Blog Anniversary and The Art of Community Life

Blog Anniversary and The Art of Community Life November 20, 2010

When I started this blog a year ago, I remember thinking that I just needed a place to organize my thoughts and process everything I’m wrestling with. I created it on a whim (hence the unoriginal name “Musing of a Young Mom”) and thought that I might have a half-dozen followers after a year. Imagine my surprise when I had 2 followers within a week (Catholic Mutt and The Married Couple Thanks guys!) and now a year later I have 80? I still can hardly believe it.
I continue to write this blog for me, so I write sporadically on whatever happens to be in my head. When I started writing here, I was sure of so many things, and at the end of a year, I feel as though there isn’t that much we can be sure of. But along the way, I’ve discovered a new understanding of God, I still wrestle with my doubts, I’ve left behind spanking and the performance mentality of my childhood, and I’ve learned alot about myself.
 I have appreciated your support and input as I’ve shared my journey. Thank you to everyone who bothers to read my scattered thoughts ! I’ve really enjoyed my venture into blogging, even though I am kind of unsavvy when it comes to computers and still feel challenged by pretty basic tech stuff.
I have a whole bunch of posts percolating that are driving me nuts because I don’t have the time to finish them. This blog is where my thoughts come together and actually make sense to me. And of course I love hearing from all of you. I will not be reading blogs much or writing at all while I am gone on this trip (thank you so much for all of your suggestions!), I’ll probably show up on Twitter or Facebook a few times, but I will miss reading you all! If you emailed me, thank you! I will return your notes when I get back.
And I’ll leave you with some thoughts I’ve been pondering lately. This quote is taken from the book by Joan Chittister “Wisdom Distilled from the Daily” Living the Rule of St Benedict Today:

“The art of community life in general lies in the balance of the person and the group. Benedictine spirituality exacts two things: self-giving and self-development; family order and family understanding. Any one of these without the others reveals a person or a group gone askew.
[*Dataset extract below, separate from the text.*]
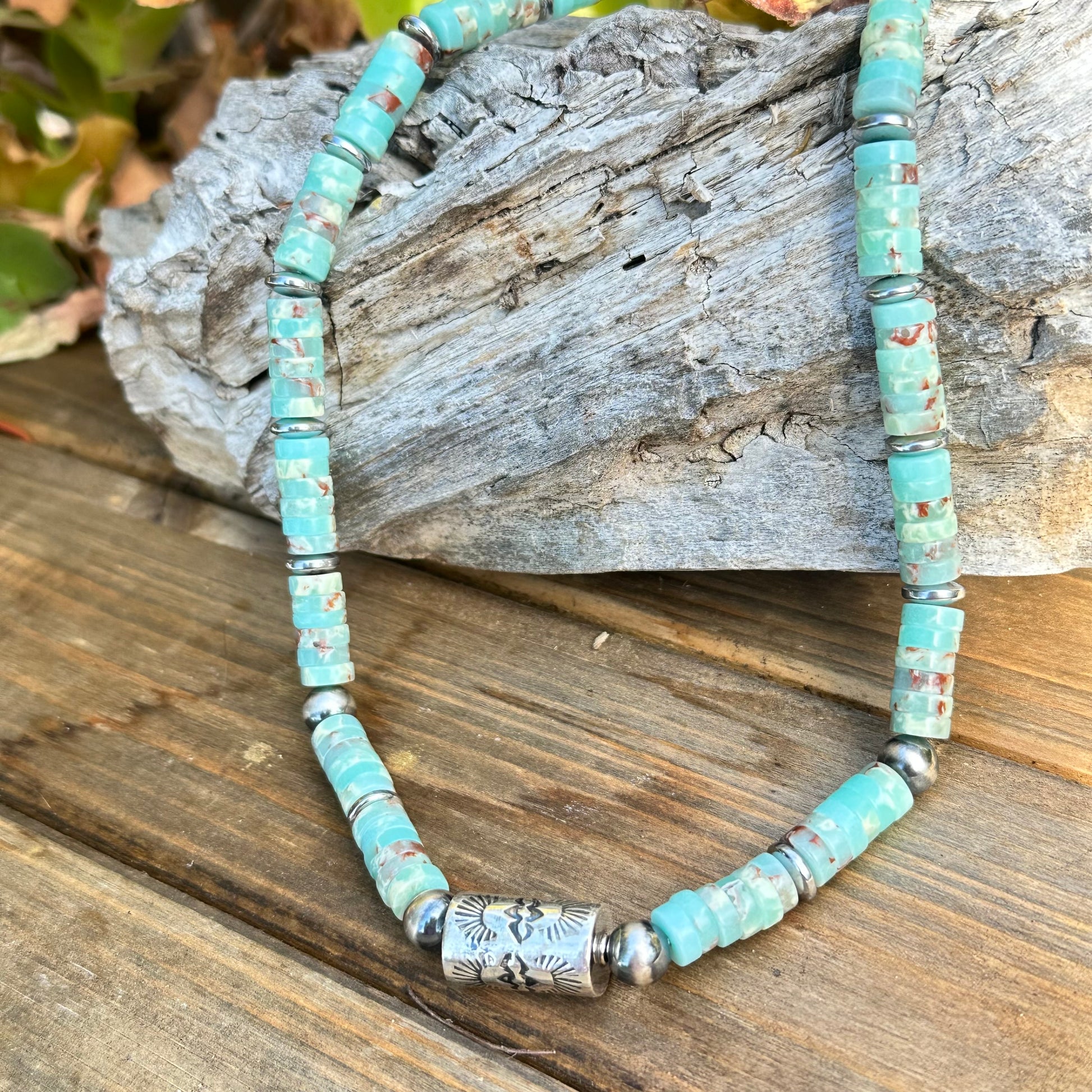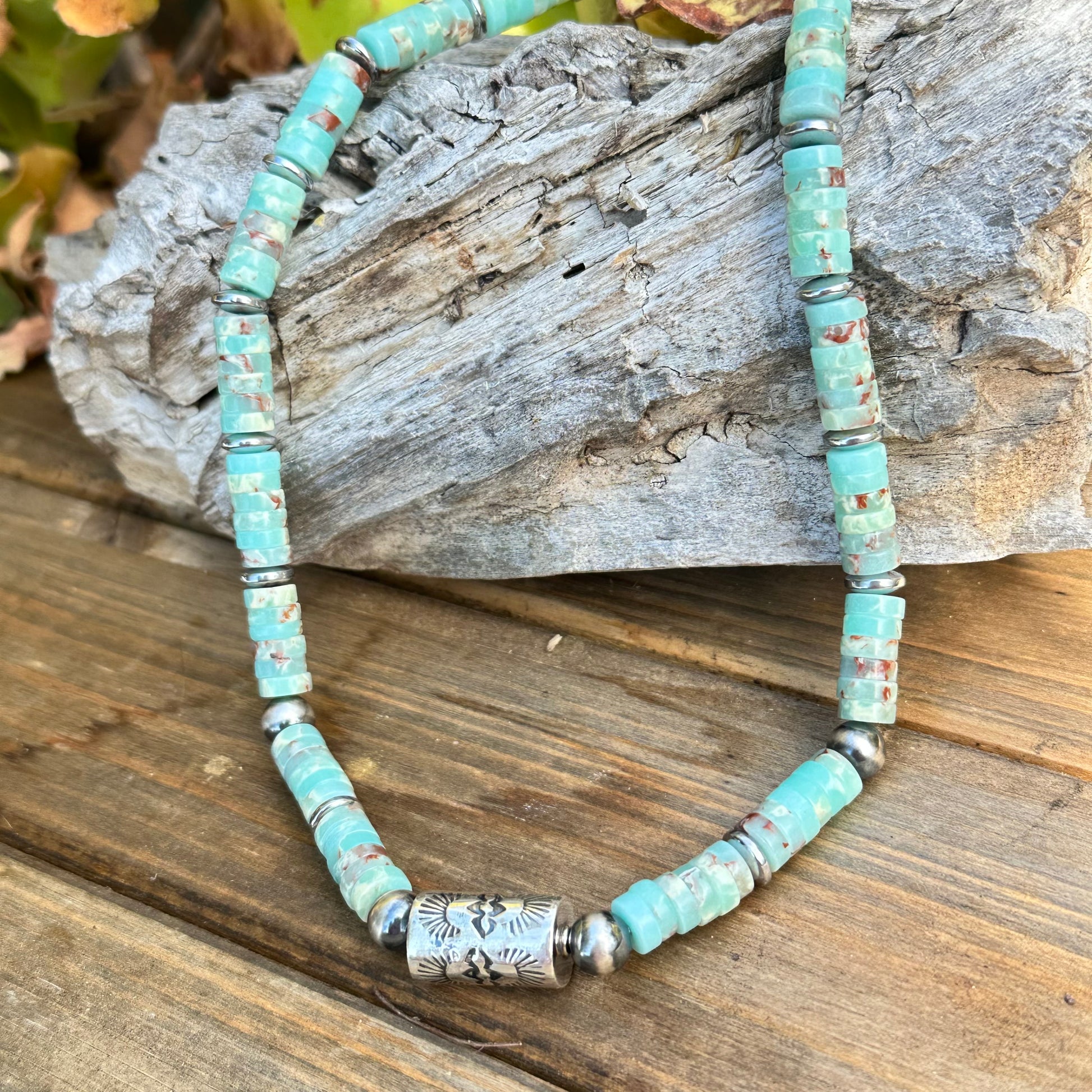 Caribbean Calcite Navajo Pearl Barrel Necklace (18"-20")

Individuals do not exist for groups. That is fascism. That is the philosophy that makes it possible to shoot football players full of steroids do the team can win and then abandon the players when the steroids don’t work on their broken bodies any longer. That is the philosophy that makes young men cannon fodder for the fatherland. That is the philosophy that turns people into interchangeable parts for the company. That is the kind of parenting that leaved young people unhappy for years as they try to live out the aspirations of their mothers or the expectations of their fathers.

Groups exist for people. The function of a group is to enable people to achieve together what they cannot possibly achieve alone. Groups are meant to make our highest personal hopes achievable through common search and common effort and common discipline. Groups, communities, and families provide the environment in which individuals can become what they most seek to be.”

I love this quote because it is so different from everything that I ever understood about the function of the group. I was most definitely taught that the individual existed to serve the group. 
 What is your understanding of the balance between the individual and the group?